Venus's stand out year was 2000 when she won the US Open, Wimbledon and the gold medal at the Sydney Olympics. Her victory over Lindsay Davenport at the All England Club made her the first female African American champion since Althea Gibson. Further victories over Justine Henin (2001), Davenport again (2005) and from match point down, Marion Bartoli (2007) and Serena (2008), established the elder Williams as one of the dominant forces on the lawns of SW19, and she isn't finished yet.

Serena Williams
Singles Champion 2002, 2003, 2009, 2010
Doubles Champion 2000, 2002, 2008, 2009

Mixed Doubles Champion 1998
The younger of the two Williams sisters made her first impact at Wimbledon in 1998, winning the mixed doubles title alongside Max Mirnyi. Few could imagine what she would go on to achieve. Missing the 1999 tournament because of injury, in 2000 Serena swept all the way to the semi-finals, only to fall foul of her sister Venus. In 2001, Jennifer Capriati was her conqueror, this time in the quarter-finals. Serena seemed to be going backwards. But all that changed in 2002. Arriving at Wimbledon on the back of her second Grand Slam title, at the French Open, Serena came past first Amelie Mauresmo and then sister Venus, winning the title without dropping a set. Taking the world No.1 ranking, she went on to complete 'the Serena Slam' - holding all four Grand Slam titles at once.

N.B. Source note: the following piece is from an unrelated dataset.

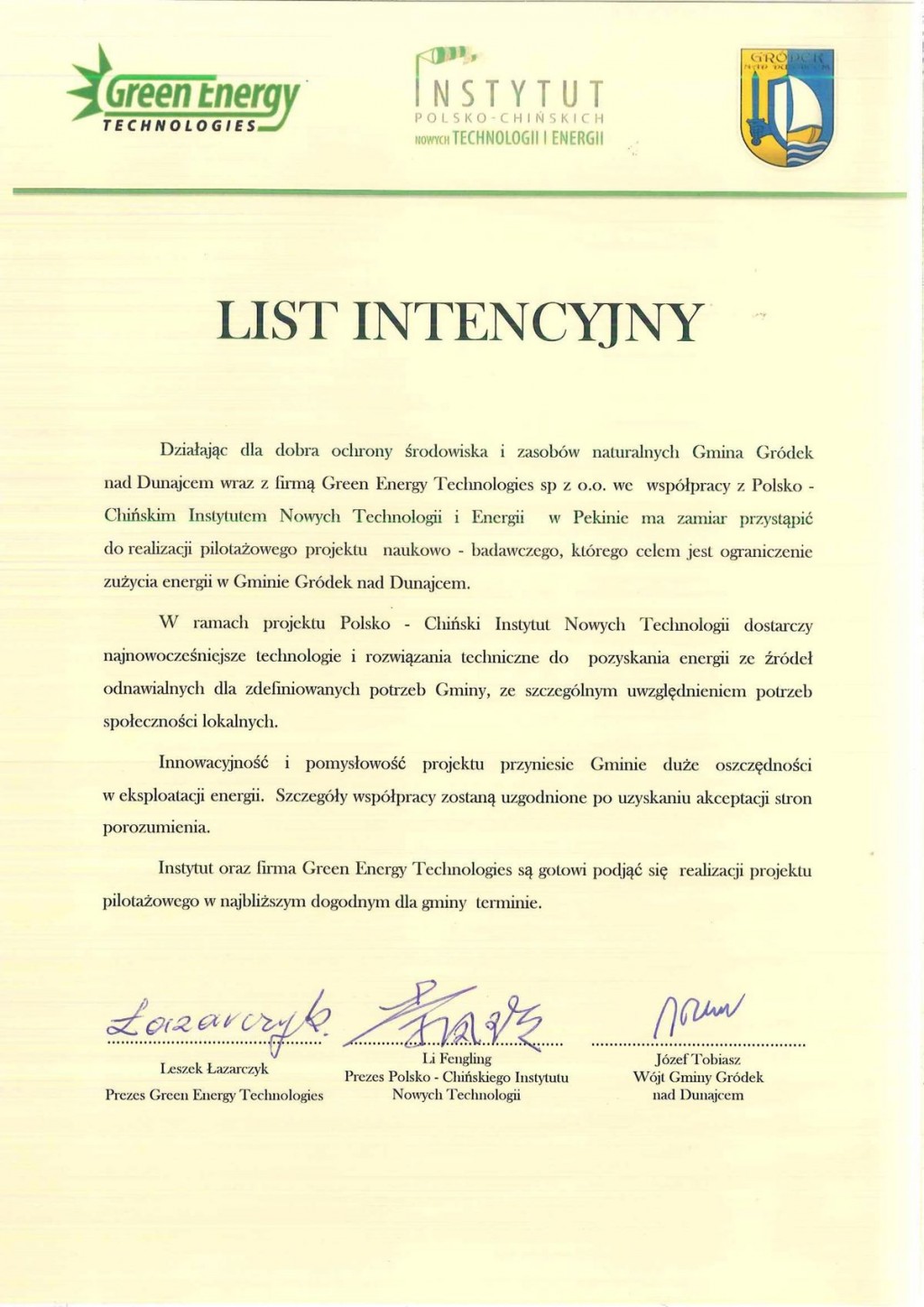 W ubiegłym tygodniu w naszej gminie gościli przedstawiciele Polsko-Chińskiego Instytutu Nowych Technologii i Energii oraz Spółki Green Energy Technologies. Podczas spotkania z władzami naszej gminy został podpisany list intencyjny rozpoczynający trójstronną współpracę nad projektem naukowo-badawczym, którego celem jest ograniczenie zużycia energii w Gminie Gródek nad Dunajcem. Dokument został podpisany przez Wójta Gminy – Józefa Tobiasza, prof. Li Fengling - Prezesa Polsko - Chińskiego Instytutu Nowych Technologii, oraz Leszka Łazarczyka - Prezesa Green Energy Technologies.

Having won Wimbledon again in 2003, Serena suffered a surprise loss to Maria Sharpova in the 2004 final, lost in the third round to Jill Craybas in 2005, and missed the 2006 tournament entirely. With rumours swirling about her absence from the game, Serena entered the 2007 Australian Open ranked just 81 in the world, and pulled off one of the performances of her career to win the title. Although her success in Melbourne did not translate to Wimbledon, exiting the tournament at the hands of Justine Henin, the following three years saw the Williams sisters reclaim their hold on the Venus Rosewater Dish. A finalist in 2008, Serena won back-to-back titles in 2009 and 2010.